In the film, sixteen officers are stationed in the arid, desolate landscape of Djibouti, rocky terrain surrounded by blue, clairvoyant water. A sergeant, Galoup, develops an obsession with another officer, Sentain, who is a young newly-arrived legionnaire. Galoup tries to stymie Sentain’s success to impress the commanding officer who takes an interest in Sentain but pays little attention to Galoup. In between the shots of hardened masculinity set against the impossible backdrop, there are delicate moments of feminine care work and domesticity among the men. (The men iron their uniforms; a man hangs up washed undergarments waving in the wind.)
The film begins and ends with dancing; in the beginning it takes place in the physical, consumable world, and in the end it is unclear whether it is in an afterlife, a dream or a vision. Denis prioritizes physicality above all else in Beau Travail, showing the sinews of soldiers’ muscles while they perform their daily exercises as she does women’s shapely forms while dancing. She feminizes and elegizes the men in long takes of their faces, with an opera-like soundtrack in the background. She establishes and undermines the idea of empire, French colonial power, that is set up to malign a country’s inhabitants.
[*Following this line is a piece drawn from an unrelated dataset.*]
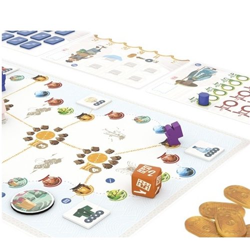 In Tokaido Duo, two players discover the smallest of Japan's four main islands, through a three-faceted spiritual journey. As the pilgrim, visit shrines, garderns, seashores, and hot springs. As the merchant, collect and selll traditional souvenirs. As the artist, paint a variety of beautiful vistas, and gift your paintings to locals.

When Galoup first sees Sentain, he describes him as thin and not fitting of being an officer. “I felt something vague and menacing take hold of me,” he says. On the other hand, he admires his commandant “without knowing why,” and admits the man never confided in him or cared about him. Galoup says he feels a rage brimming inside him, a jealousy that cannot be contained. Later on, when the commander asks Sentain if he gets along with his parents, he reveals that he was found in a staircase. The commander responds that at least it’s a ‘belle trouvée,” a parallel with “beau travail.”
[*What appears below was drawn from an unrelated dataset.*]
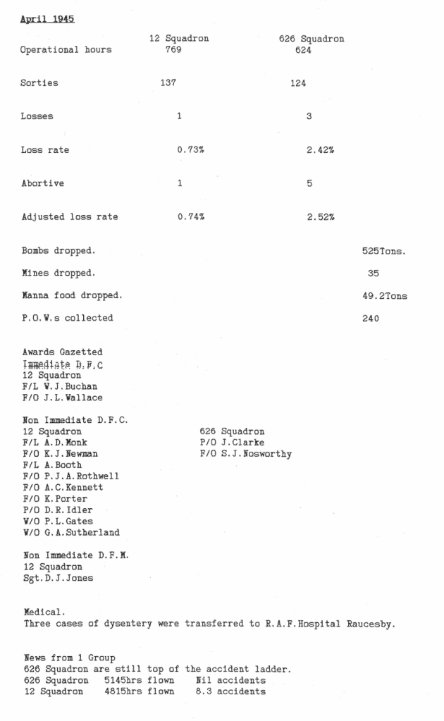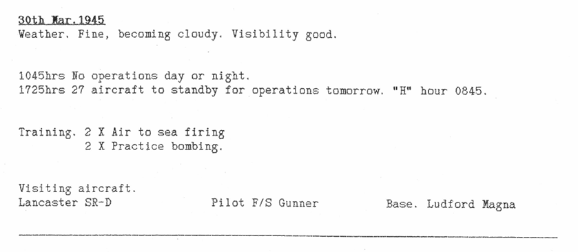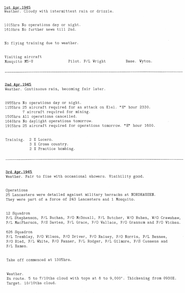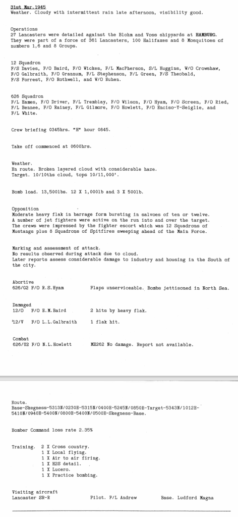 Just 2 missions were flown from Wickenby this week, to Hamburg and Nordhausen, both of which sustained extensive damage. One aircraft and all 7 crew were lost during the latter attack, the only loss for Bomber Command that day. It is worthy of note that most missions were now during daylight hours and heavily escorted by long-range USAAF and RAF fighters, who were encountering a number of Luftwaffe jets.

The film is an exercise in labour, or its equivalent in yearning, whether it is for a dance, for a man, or for home. The camp is set up in an arid plateau with children and their parents watching. It seems as though there is no need for it, and its reason for existing does not come into the picture. Yet there is a particular need, or want, in each hoist of the body, each swim, each thrust of the arm. In the end, the tragic fate of Sentain is caused by an overreaction, another brimming of rage, by Galoup, who knocks a canteen of water out of his hands while Sentain tries to aid a fellow soldier. The soldier is being punished for abandoning his post, resigned to digging in the hard, rocky ground, a hole of unknown depth.
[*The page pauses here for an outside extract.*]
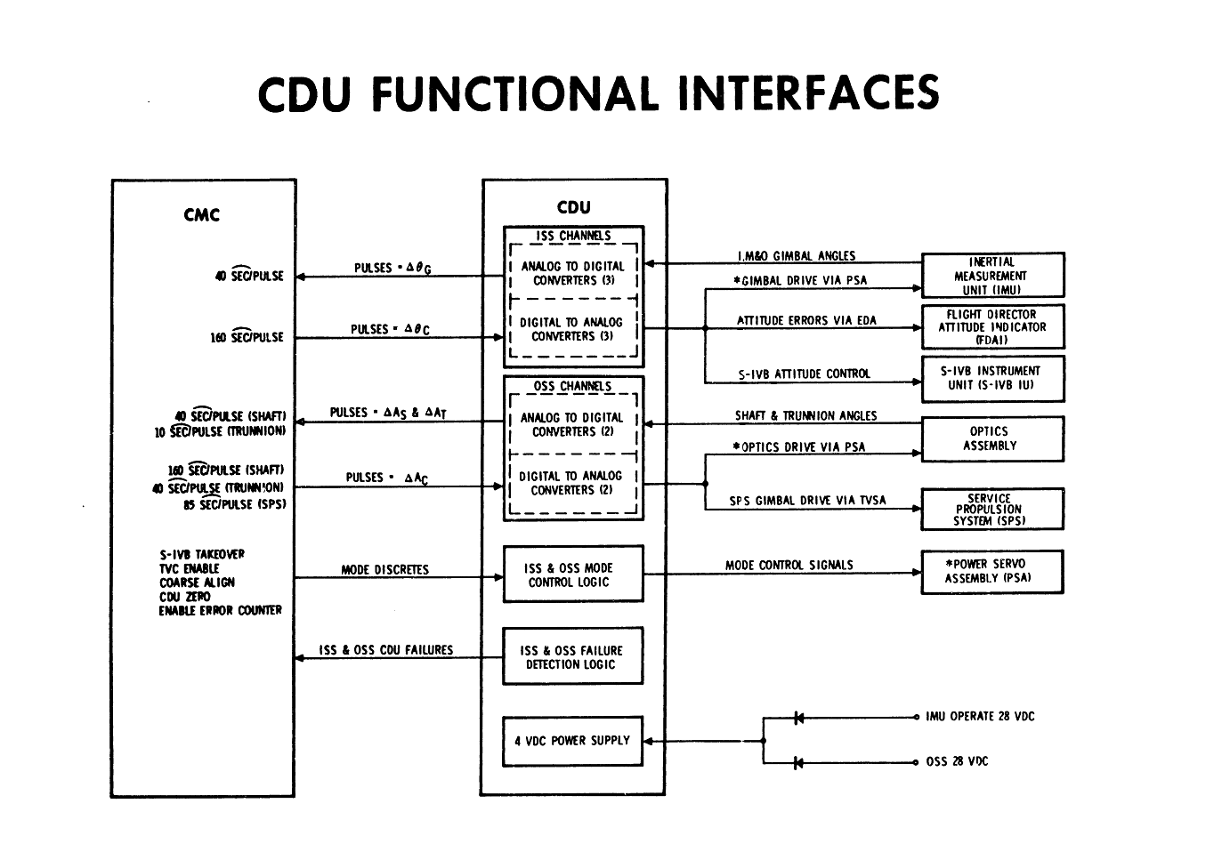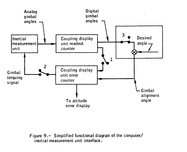Communicating between the CMC and the IMU was an electronics package known as the Inertial Coupling Data Unit. Its purpose was to convert the analog electronic signals to a digital form that the computer could interpret, and vice versa deliver the computer's orders to the IMU by reversing that process for digital to analog conversion. There were in fact a total of five Coupling Data Units in the system, three covering each of the roll, yaw and pitch axes respectively, plus two individual ones that communicated between the computer and the navigational optics. These Optical Coupling Data Units were another crucial piece of navigational equipment, but were not operating at the time of the lightning incident since the optics would only be needed once in orbit. It was the lightning's effect on the CDUs that caused the IMU platform to tumble.

Beau Travail begins with the writing of a memoir, a hapless if not overused device, to describe events in the past tense, from a point of view that is already withered, less accurate and reliable. Movies that begin with the act of remembering include Persepolis (2007), a coming of age story of a girl in the midst of the Iranian revolution, and An Education (2009), the memoir of a girl who is seduced by an older man, and Forrest Gump (1994), in whose recollection there lie many hilarious outtakes and revivals of pop culture. Denis’ film, with its wistful logic, makes for Sunday night viewing, a night balanced on the edge of morning, in the dance halls of someone’s basement or in the mind’s eye.